Ensaio • Home• Revista 8/1/2008
Mônica Veloso
"Eu nasci de novo"
Após um ano turbulento, a mulher que abalou a república só pensa em retomar sua rotina, cuidar das filhas e arrumar um namorado

TEXTO CLÁUDIA FONTOURA E GABRIELA PESTANA
FOTOS EDU LOPES


O turbilhão passou. Agora está tudo escrito. Mônica Veloso, a mulher que abalou Brasília, está de cabeça erguida e alma lavada. Sua versão dos fatos está impressa num livro de 192 páginas e não foi contestada. "Tudo o que é meu ficou exposto. Do interno ao externo. Ainda sinto um pouco de medo, mas estou aliviada", diz a jornalista mineira de 39 anos.

O escândalo que devassou sua vida começou no dia 25 de maio após a audiência de revisão da pensão alimentícia de sua filha com o ex-presidente do Senado, Renan Calheiros, que era bancada por um lobista. A jornalista virou notícia e viu repórteres se aglomerarem à sua porta. Para evitar a exposição das filhas, ela se mudou, em apenas dois dias, de Brasília para Belo Horizonte, deixando para trás trabalho, amigos e carreira.

Foram sete meses no olho do furacão. Nesse período, ela deu entrevistas, posou nua e escreveu um livro para dar sua versão dos fatos. Agora, Mônica Veloso quer retomar sua vida, cuidar das filhas e arrumar um namorado para espantar a solidão.

''Tudo o que é meu ficou exposto. Do interno ao externo.
Ainda sinto um pouco de medo, mas estou aliviada ''

Quando nos vimos pela primeira vez, no GP Brasil de Fórmula 1, em outubro, você parecia uma mulher completamente diferente. Estava tensa, assustava, falava pouco, sorria pouco.O que mudou?
Os repórteres me assustavam mais. Era difícil contar mil vezes a mesma história e tentar convencer as pessoas sobre aquilo. Falei coisas que nunca havia falado. As pessoas me perguntavam: Poxa, que amor é esse que te fez esconder a barriga (gravidez)? O livro resolveu tudo.

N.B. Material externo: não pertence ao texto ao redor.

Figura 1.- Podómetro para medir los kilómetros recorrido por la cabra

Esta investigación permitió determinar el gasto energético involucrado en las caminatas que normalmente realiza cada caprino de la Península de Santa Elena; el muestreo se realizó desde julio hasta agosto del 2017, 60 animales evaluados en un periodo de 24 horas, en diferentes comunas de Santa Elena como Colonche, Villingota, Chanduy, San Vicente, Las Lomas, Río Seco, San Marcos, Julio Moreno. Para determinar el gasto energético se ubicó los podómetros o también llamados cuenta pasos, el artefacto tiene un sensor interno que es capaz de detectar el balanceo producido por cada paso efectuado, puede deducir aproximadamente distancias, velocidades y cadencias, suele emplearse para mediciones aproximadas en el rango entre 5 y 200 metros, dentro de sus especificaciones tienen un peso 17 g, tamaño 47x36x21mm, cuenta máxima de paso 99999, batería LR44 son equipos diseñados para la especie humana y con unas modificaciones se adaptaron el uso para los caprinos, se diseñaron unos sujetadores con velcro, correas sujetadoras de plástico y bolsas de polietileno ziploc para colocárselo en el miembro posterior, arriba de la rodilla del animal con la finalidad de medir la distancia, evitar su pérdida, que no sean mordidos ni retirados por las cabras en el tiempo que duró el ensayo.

Solteira, Mônica acha que os homens estão com medo: "Eu era mais paquerada antes do escândalo"

Como você definiria 2007?
Eu nasci de novo. Sinto-me completamente zerada. Ninguém pode me julgar, meu problema é comum, a diferença é que se tornou público. Sei que errei porque amei demais e me anulei. Foi falta de chão, tinha muito amor. As pessoas não se conformavam que o Renan é careca, barrigudo, mas eu dizia: E daí? Eu sei que amei e quem gostou, ok, quem não gostou, paciência.

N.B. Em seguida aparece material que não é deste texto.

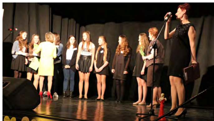
Gala Wolontariatu
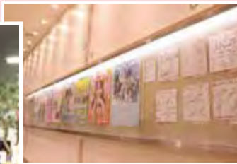
▲あべのキューズモールでイベントをしたアーティストのサインやポスターが飾られているよ。どこにあるか知ってるかな?
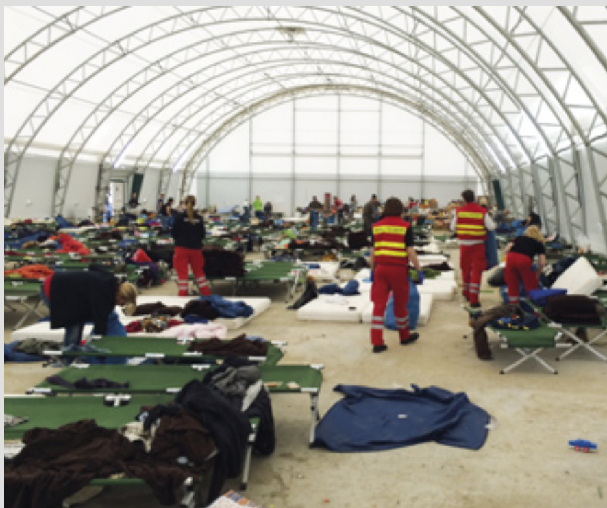
▲ Des réfugiés sont pris en charge à leur arrivée en Autriche. Malteser Hospitaldienst Austria fournit une aide aux personnes dans le besoin depuis 1956

vie pour les Journées mondiales de la Jeunesse et à Rome pour le Jubilé de la Miséricorde.

''Tudo acabou no final de 2005. Quase morri de tanto chorar,
ele foi o grande amor da minha vida ''

Como foi que você conheceu Renan Calheiros?
Minha produtora fazia o programa eleitoral do PMDB. O Renan foi até lá e ficou encantado comigo. Foi galanteador, simpático. Anos mais tarde, ele soube que eu era casada e não seguiu com a investida. No início de 2002 eu me separei e eu o encontrei uns 15 ou 20 dias depois em uma festa na casa do senador Ney Suassuna. Sentia-me sozinha, precisava de atenção e assim começou a paquera. Renan dizia estar solteiro também e eu, carente.

Como foi o fim do relacionamento?
Tudo acabou no final de 2005. Quase morri de tanto chorar, ele foi o grande amor da minha vida. Hoje nos falamos às vezes, mas, depois da confusão, tudo voltou dentro de mim.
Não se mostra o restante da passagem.